### [About this task]
Every line between the one containing "همچنین در یکی" and the last line of the data, both included, is to be set down exactly, and pictures are to be omitted.

### [Provided material]
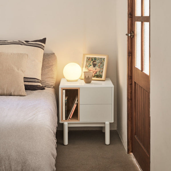 Doric Night Tables, Set of Two, Wood - White with cream Interior
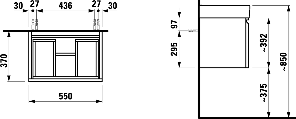 Skrinka pod umývadlo Laufen PRO S 55x37x39 cm, grafit
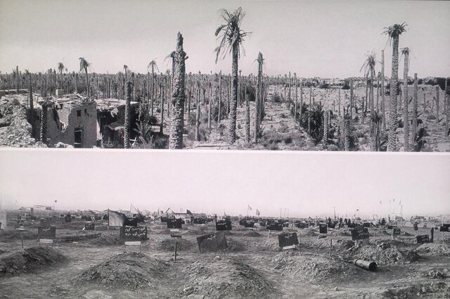 همچنین در یکی از عکسهای جاسم غضبامپور تنها چیزی که دیده میشود مرگ است. وقتی که به دو تصویر که در بالا و پایین هم قرار داده شدهاند نگاه میکنیم متوجه میشویم که تا چشم کار میکند قبر است و ویرانی. عکس بالایی قبرستانی برای نخلها و عکس پایینی قبرستانی برای انسانها.
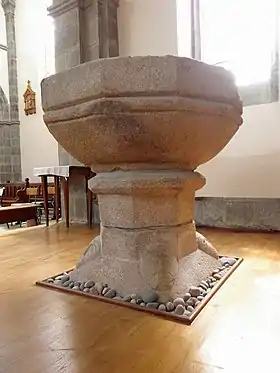 Cette cuve provenant de l'ancienne église a repris sa place dans l'église actuelle, après un long séjour dans une cour de ferme.

### [Output for this task]
 همچنین در یکی از عکسهای جاسم غضبامپور تنها چیزی که دیده میشود مرگ است. وقتی که به دو تصویر که در بالا و پایین هم قرار داده شدهاند نگاه میکنیم متوجه میشویم که تا چشم کار میکند قبر است و ویرانی. عکس بالایی قبرستانی برای نخلها و عکس پایینی قبرستانی برای انسانها.
 Cette cuve provenant de l'ancienne église a repris sa place dans l'église actuelle, après un long séjour dans une cour de ferme.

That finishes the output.